Launched in 2012 by researchers at University of California San Diego, the American Gut Project is looking to gain a deeper understanding of the sorts of insights stored in the gut flora through a massive public database. Participants send the researchers a fecal, oral, or skin swab along with $99 and a lifestyle/medical history survey. So far the initiative has collected over samples from nearly 12,000 people, making it the “largest public reference database of the human gut microbiome.”

"It's really amazing that more than 10,000 people—members of the public who want to get involved in science whether or not they work in a lab or have a PhD—have mailed their poop to our lab so that we can find out what makes a difference in somebody's microbiome," Rob Knight, PhD, said of the American Gut Project’s success so far.
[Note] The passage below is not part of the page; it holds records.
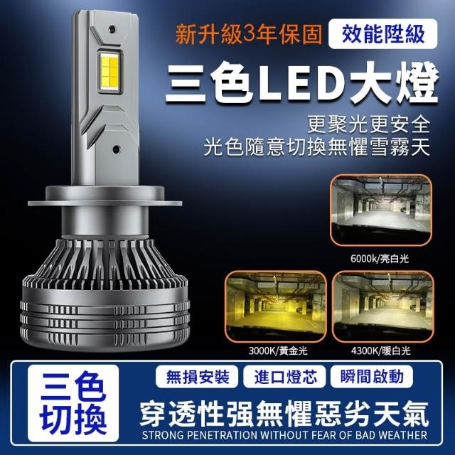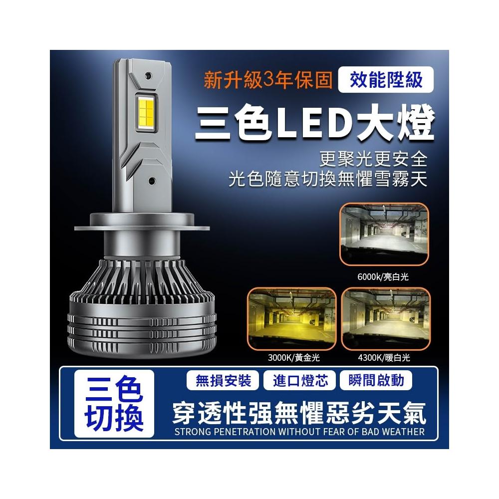 隔日到店-3年保固 三色LED大燈 真實90W LED大燈 汽車 機車 驗車可過 H1 H4 H7 H11 9006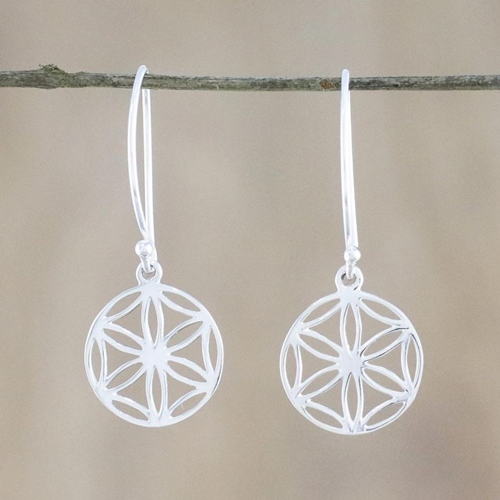 Thai Artisan Handmade Sterling Silver Floral Dangle Earrings 'Inner Blooms' Item ID: 2671800604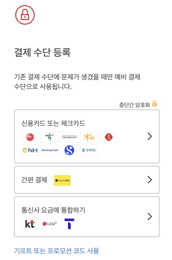 그래서 저처럼 처음 하시는 분들을 위해 결제수단 변경하는 방법을 정리해 보았습니다.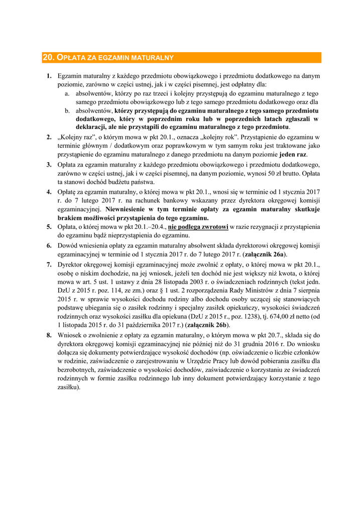 20. OPŁATA ZA EGZAMIN MATURALNY 1. Egzamin maturalny z każdego przedmiotu obowiązkowego i przedmiotu dodatkowego na danym poziomie, zarówno w części ustnej, jak i w części pisemnej, jest odpłatny dla: a. absolwentów, którzy po raz trzeci i kolejny przystępują do egzaminu maturalnego z tego samego przedmiotu obowiązkowego lub z tego samego przedmiotu dodatkowego oraz dla b. absolwentów, którzy przystępują do egzaminu maturalnego z tego samego przedmiotu dodatkowego, który w poprzednim roku lub w poprzednich latach zgłaszali w deklaracji, ale nie przystąpili do egzaminu maturalnego z tego przedmiotu. 2. „Kolejny raz”, o którym mowa w pkt 20.1., oznacza „kolejny rok”. Przystąpienie do egzaminu w terminie głównym / dodatkowym oraz poprawkowym w tym samym roku jest traktowane jako przystąpienie do egzaminu maturalnego z danego przedmiotu na danym poziomie jeden raz. 3. Opłata za egzamin maturalny z każdego przedmiotu obowiązkowego i przedmiotu dodatkowego, zarówno w części ustnej, jak i w części pisemnej, na danym poziomie, wynosi 50 zł brutto. Opłata ta stanowi dochód budżetu państwa. 4. Opłatę za egzamin maturalny, o której mowa w pkt 20.1., wnosi się w terminie od 1 stycznia 2017 r. do 7 lutego 2017 r. na rachunek bankowy wskazany przez dyrektora okręgowej komisji egzaminacyjnej. Niewniesienie w tym terminie opłaty za egzamin maturalny skutkuje brakiem możliwości przystąpienia do tego egzaminu. 5. Opłata, o której mowa w pkt 20.1.–20.4., nie podlega zwrotowi w razie rezygnacji z przystąpienia do egzaminu bądź nieprzystąpienia do egzaminu. 6. Dowód wniesienia opłaty za egzamin maturalny absolwent składa dyrektorowi okręgowej komisji egzaminacyjnej w terminie od 1 stycznia 2017 r. do 7 lutego 2017 r. (załącznik 26a). 7. Dyrektor okręgowej komisji egzaminacyjnej może zwolnić z opłaty, o której mowa w pkt 20.1., osobę o niskim dochodzie, na jej wniosek, jeżeli ten dochód nie jest większy niż kwota, o której mowa w art. 5 ust. 1 ustawy z dnia 28 listopada 2003 r. o świadczeniach rodzinnych (tekst jedn. DzU z 2015 r. poz. 114, ze zm.) oraz § 1 ust. 2 rozporządzenia Rady Ministrów z dnia 7 sierpnia 2015 r. w sprawie wysokości dochodu rodziny albo dochodu osoby uczącej się stanowiących podstawę ubiegania się o zasiłek rodzinny i specjalny zasiłek opiekuńczy, wysokości świadczeń rodzinnych oraz wysokości zasiłku dla opiekuna (DzU z 2015 r., poz. 1238), tj. 674,00 zł netto (od 1 listopada 2015 r. do 31 października 2017 r.) (załącznik 26b). 8. Wniosek o zwolnienie z opłaty za egzamin maturalny, o którym mowa w pkt 20.7., składa się do dyrektora okręgowej komisji egzaminacyjnej nie później niż do 31 grudnia 2016 r. Do wniosku dołącza się dokumenty potwierdzające wysokość dochodów (np. oświadczenie o liczbie członków w rodzinie, zaświadczenie o zarejestrowaniu w Urzędzie Pracy lub dowód pobierania zasiłku dla bezrobotnych, zaświadczenie o wysokości dochodów, zaświadczenie o korzystaniu ze świadczeń rodzinnych w formie zasiłku rodzinnego lub inny dokument potwierdzający korzystanie z tego zasiłku).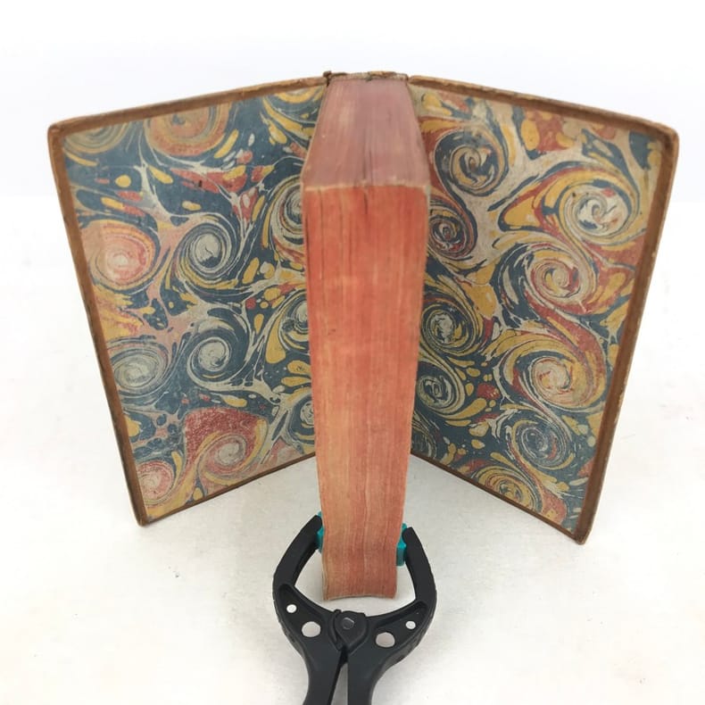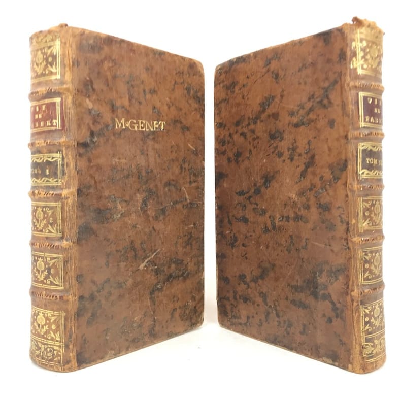 2 volumes in-12 (16,5 cm x 9 cm), veau marbré brun (reliure de l’époque), dos à nerfs orné de motifs dorés, pièce de titre rouge, tranches rouges, supra libris doré de M. Genet. xxiv-499-[5] ; [4]-376 pages (complet). Frottements à la reliure, manque de cuir à la coiffe du tome I, ex-libris cancelé dans le tome I, feuillets brunis. État correct. ÉDITION ORIGINALE illustré d’un portrait en frontispice. Joseph Barre est un historien français (1692-1764). Chanoine régulier de Sainte-Geneviève, il devient chancelier de l'Université de Paris en 1744. Bon exemplaire.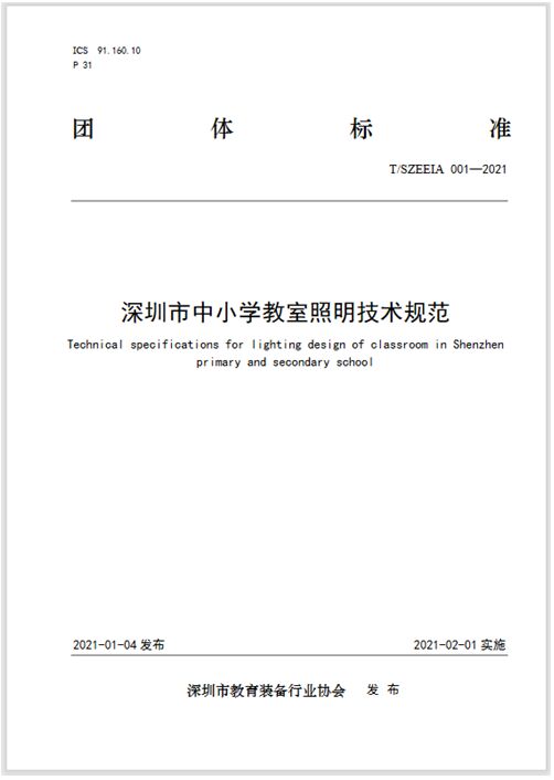 1月4日,深圳市教育裝備行業(yè)協(xié)會發(fā)布公告宣布《深圳市中小學(xué)教室照明技術(shù)規(guī)范》(T/SZEEIA 001——2021)團體標(biāo)準正式發(fā)布,將于2020年2月1日起實施。

>>READ: Defining "Normal" in the Age of Precision Medicine

The goal isn’t to diagnose participants with anything or find indicators for future health worries, but rather to deepen science’s collective understanding of the microbiome and facilitate future research. The researchers use a bacteria marker, the molecule 16S rRNA, to “tease out” and “barcode” the unique composition of each participant’s sample.

This week, the team published its first report from its findings. It generated a number of interesting points: The amount of floral diversity between people who reported eating 30 or more different plants per week compared to that of those who ate less than 10; the extent to which antibiotics or medical procedures can alter gut microbiome; and the surprising correlations it can have with mental health.
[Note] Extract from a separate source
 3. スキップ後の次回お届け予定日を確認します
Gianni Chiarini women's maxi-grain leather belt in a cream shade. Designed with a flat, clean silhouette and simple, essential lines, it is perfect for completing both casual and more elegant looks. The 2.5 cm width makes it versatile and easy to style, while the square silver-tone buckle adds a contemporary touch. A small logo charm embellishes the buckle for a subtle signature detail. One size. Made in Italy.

Although participants come from nearly 50 countries and territories, the samples draw primarily from the United States, United Kingdom, and Australia. The report found that those with mental disorders, for instance, had gut microbiomes more closely resembling those with other mental disorders than they did with healthy pairs matched by country, age, gender, and body mass index.

The researchers warn that it’s too early to start extrapolating gut microbiome findings into definitive health lessons. "The human microbiome is complex, but the more samples we get, the sooner we will be able to unravel the many ways the microbiome is associated with various health and disease states," Knight said. “We want eventually to go beyond making maps of the microbiome to making a microbiome GPS that tells you not just where you are on that map, but where you want to go and what to do in order to get there in terms of diet, lifestyle or medications."

To date, the project has received more than $2.5 million in total crowdfunding. The first research report, “American Gut: an Open Platform for Citizen Science Microbiome Research,” was published online today in mSystems.